There was late drama at Turf Moor as Burnley withstood a Crystal Palace fightback to prevail 3-2 courtesy of Ashley Barnes’s 94th-minute strike.
Sam Vokes and Johann Berg Gundmundsson put Burnley 2-0 up, only for Palace to hit back through second-half goals by substitute Connor Wickham and Christian Benteke.
Marten De Roon frustrates Man City; Sunderland tastes win
Marten De Roon frustrates Man City; Sunderland tastes win
Like Leicester and Bodø/Glimt, Swiss soccer club Thun set to be historic league champion
- Thun have never won the top-tier league in the club’s 128-year history yet this season has turned the standings into a procession
- Thun are the latest unheralded European club taking inspiration from Leicester
GENEVA: Like Leicester’s Premier League title in 2016 and Bodø/Glimt’s stunning rise in Norway since 2020, Swiss soccer looks set to get its own surprise champion.
Thun have never won the top-tier league in the club’s 128-year history yet this season has turned the standings into a procession — even as a newly promoted club.
A 2-2 draw with second-place St.

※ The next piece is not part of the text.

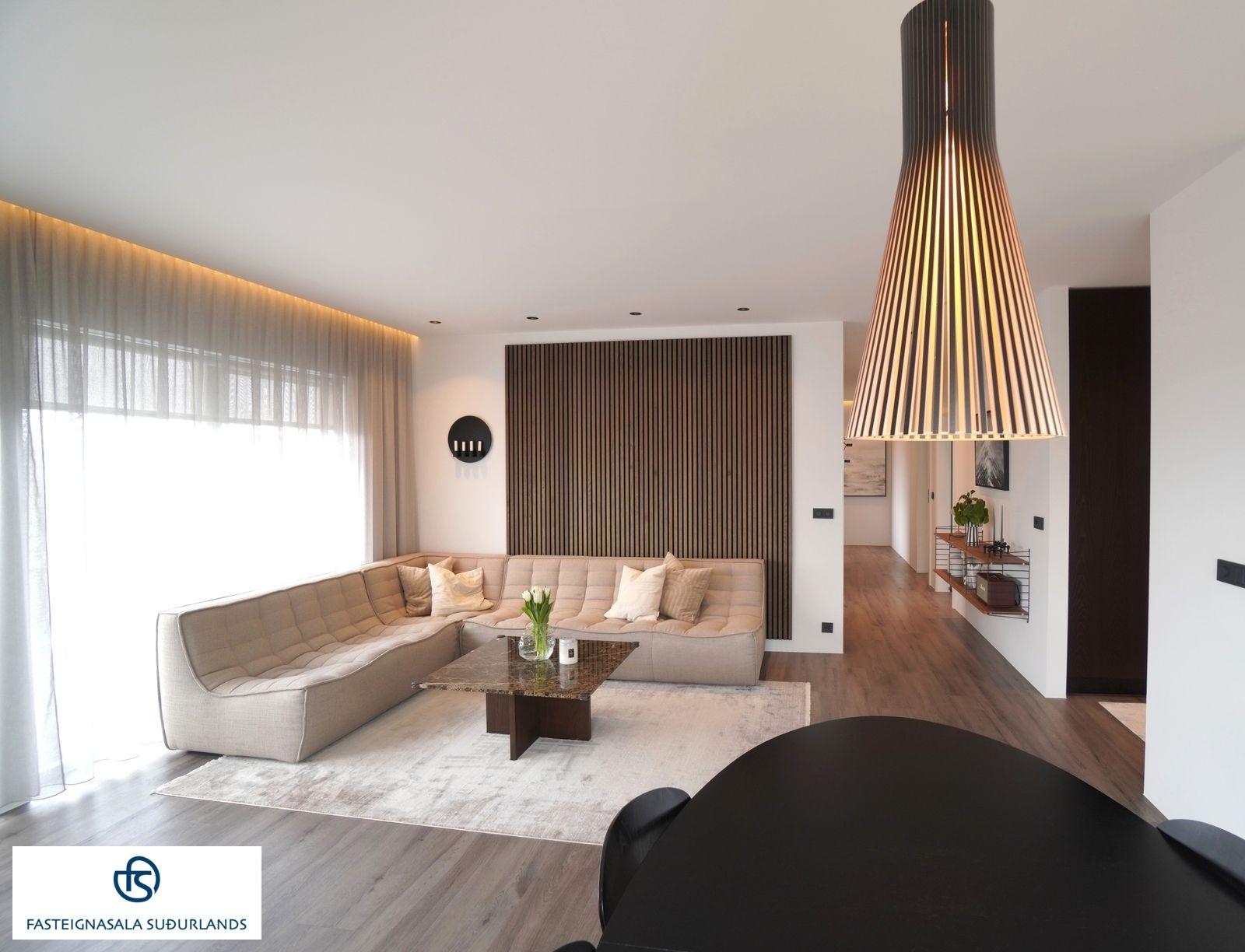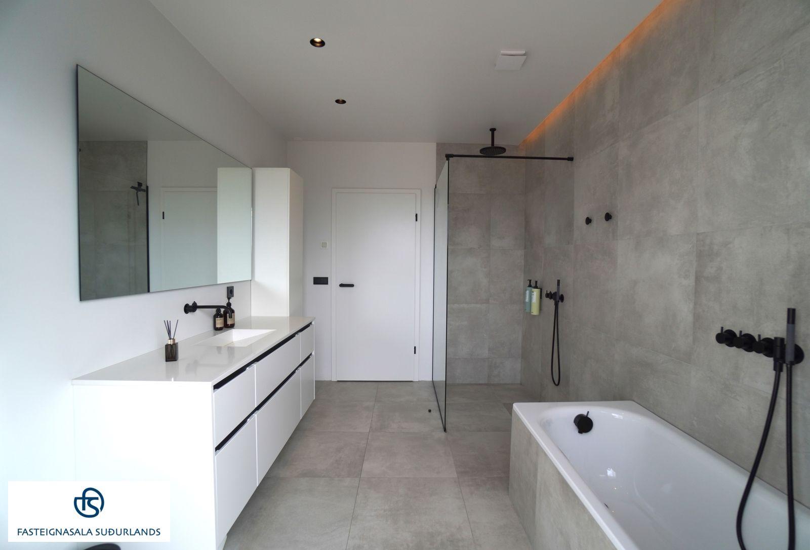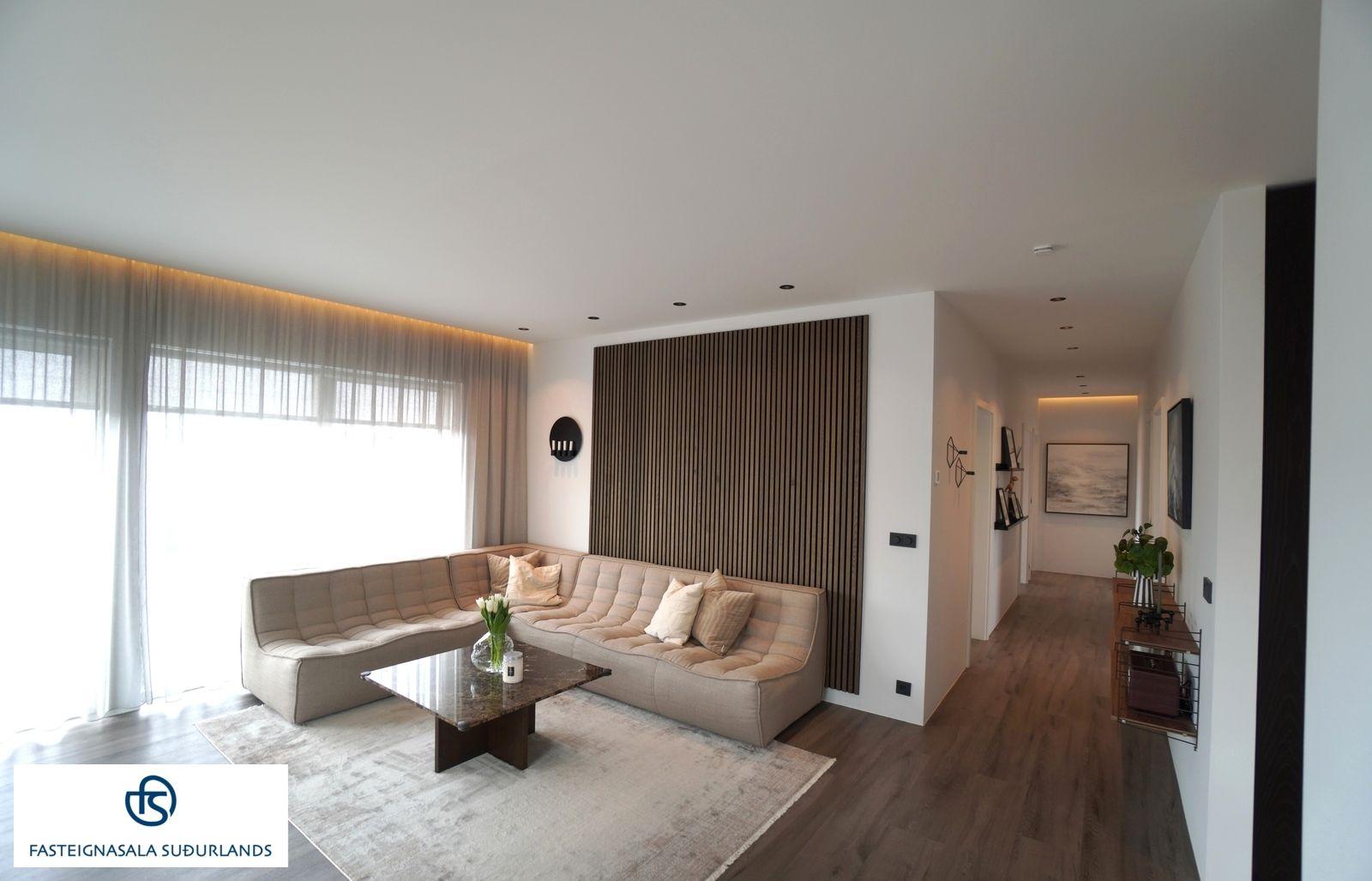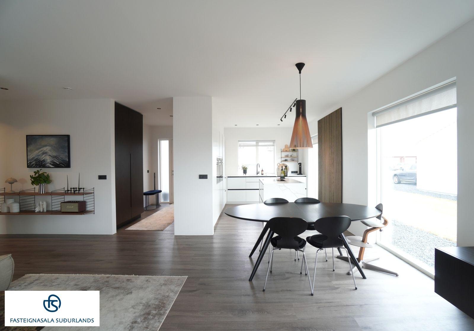 Eignin telur: * Mjög rúmgóða forstofu með stórum fataskáp. * Glæsilega stofu þaðan sem utangengt er um rennihurð á stóra verönd með heitum potti ! * Skuggafúga með ljósi er í stofunni sem gefur henni einstaklega hlýlegt yfirbragð. * Stórglæsilegt eldhús með stórri eyju, 2 ofnum, vínkælir og góðum tækjaskáp. Innréttingin er frá Kvik og borðplatan er frá Granítsmiðjunni (quartz steinn). Yfir eyjunni er kastarabraut frá Lumex. * Stór innfelldur ísskápur og stór innfelldur frystiskápur fylgja. * 3 stór svefnherbergi. Mjög góðir fataskápar eru í hjónaherbergi. ** Allir skápar í húsinu eru sérsmíðaðir. ** Í hjónaherbergi er skuggafúga með ljósi. * Glæsilegt baðherbergi með hvítri innréttingu með borðplötu frá Steinsmiðjunni Rein, baðkari og sturtu úr glerþili. Blöndunartæki eru innbygð frá Vola. Skuggafúga með ljósi er á baðherbergi. * Úr baðherberginu er utangengt á veröndina þar sem er heitur pottur. * Mjög rúmgott þvottahús með stórri innréttingu með vinnuborði og vask. Úr þvottahúsinu er innangengt í bílskúrinn.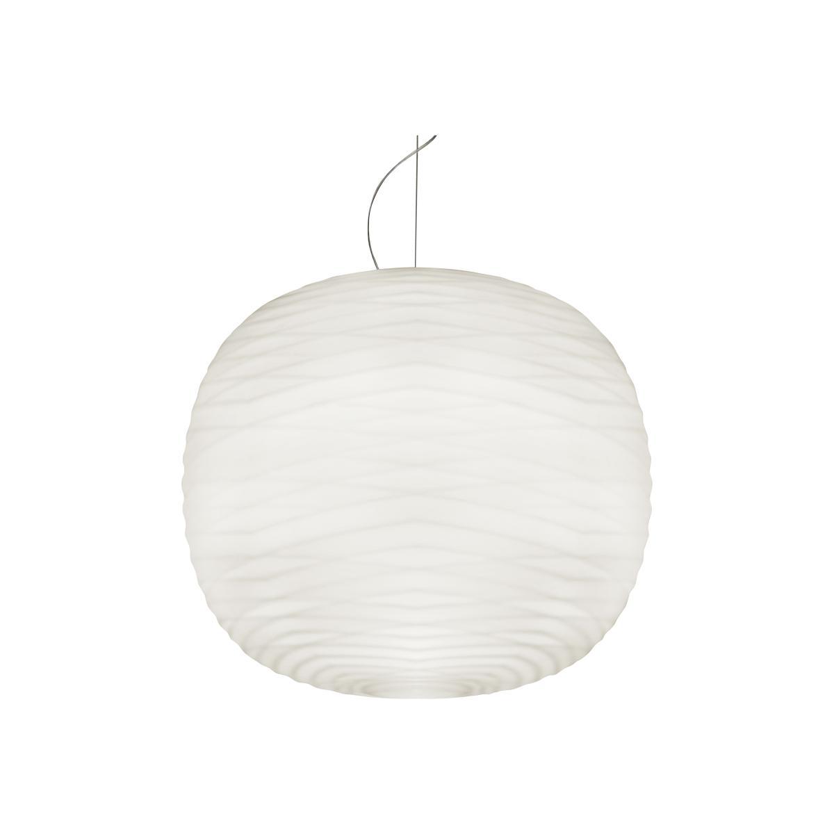 Glass resonance. The Gem lamp is an item that’s sure to win you over immediately: from the first glance, we’re attracted by the precious nature of the material and the artisanal manufacturing know-how. Due to the irregularity of its glass surface, characterised by irregular ripples and reliefs, the lamp has a unique visual impact, even when switched off, and, switched on, creates magnificent light effects. Handcrafted in Italy, the Gem Lamp is the result of superb glasswork. This completely closed sphere is blown by hand inside a mould. The glass is then frosted manually and treated with acid to obtain a superb frosted effect. This pure, graphic sphere is entirely decorated with incisions that form irregular relief patterns. The entire surface of the diffuser is punctuated by intersecting lines inspired by the propagation of a sound wave on the surface of a liquid. Highly decorative, these streaks also allow the light intensity to be filtered and modulated. The light filtered through the folds and different thicknesses of the glass produces a superb chiaroscuro effect. The lighting is vibrant, warm and subdued. The My Light function lets you control and personalise your lighting through an app that can be activated and used via Bluetooth on your smartphone, tablet or your own smart device. It’s very simple to use: just activate Bluetooth on your smartphone or tablet, download the free app and switch on your My. Light. Once the light is recognised by the app, you can start switching it on and off, adjust the intensity and colour temperature, and create your own scenographies. The Timer lets you automatically activate or deactivate the scenographies, even when your smartphone or tablet is switched off.

Gallen late Thursday stopped Thun’s run of 10 straight wins yet coach Mauro Lustrinelli’s team are 14 points clear with 10 rounds left.
“We are also a young team in the sense that the team are experiencing their first Super League,” Lustrinelli told Swiss public broadcaster SRF after his players conceded a stoppage-time goal to drop points for the first time since December.
Thun head Sunday to local rival Young Boys, a 17-time title winner and Champions League regular in recent years, as the current best team in Switzerland.
Following Leicester’s lead
Thun are the latest unheralded European club taking inspiration from Leicester.
Last year, Union Saint-Gilloise won their first Belgian title for 90 years and tiny Mjällby were champion of Sweden for the first time in their 86-year history.
Title races across Europe see Hearts on course for a first Scottish title in 66 years and Paris Saint-Germain being chased by Lens which won their only French title 28 years ago.
The most common link is clubs in provincial towns and cities run on low budgets with a collective team-first ethic.
“You really feel that it’s like a family,” Lustrinelli said last year when extending his contract at the club where he was once a star striker and has coached for four seasons.
Thun’s key players
It took Thun five years to get out of the second division after being relegated in 2020. That period included severe financial issues and being part of a multi-club ownership group backed by American and Chinese investors.
Thun are independent and locally owned again, and built a plan with Lustrinelli for a team playing the direct, pressing style he wants with two central strikers.
Top scorer this season is 12-goal Elmin Rastoder, a Swiss-born North Macedonia international who could feature in the World Cup playoffs against Denmark later this month.
Rastoder’s strike partner Thursday was Brighton Labeau, once a teammate of Kylian Mbappé, who is three years younger, when they were both in the Monaco academy.
Thun’s star prospect is Ethan Meichtry, a Switzerland under-21 midfielder who could yet make the World Cup squad.
Champions League debut
Thun were one of the smallest clubs to play in the Champions League after Lustrinelli’s 20-goal season lifted the team to Swiss league runner-up in 2005.
Thun advanced through two qualifying rounds to reach the elite stage, finishing third in a group behind Arsenal and Ajax.
Back then, Thun played European games at Young Boys’ stadium in Bern because their old home was below UEFA standard.
If Thun enter the Champions League in the second qualifying round in July, home games should be at their 10,000-seat Stockhorn Arena — with artificial turf, just like at Bodø/Glimt inside the Arctic Circle in Norway.
The Swiss champion must win through three qualifying rounds to reach the 36-team league phase.
Home of Swiss soccer
Thun will soon be the home of Switzerland’s soccer federation.
The Swiss Football Home project was approved last August and will include a new headquarters for the federation plus training fields for national teams. Next door will likely be the next Swiss champion.
“The road is still long,” Lustrinelli said of the 10-game run-in, “and we want everyone who will help us get those 30 points.”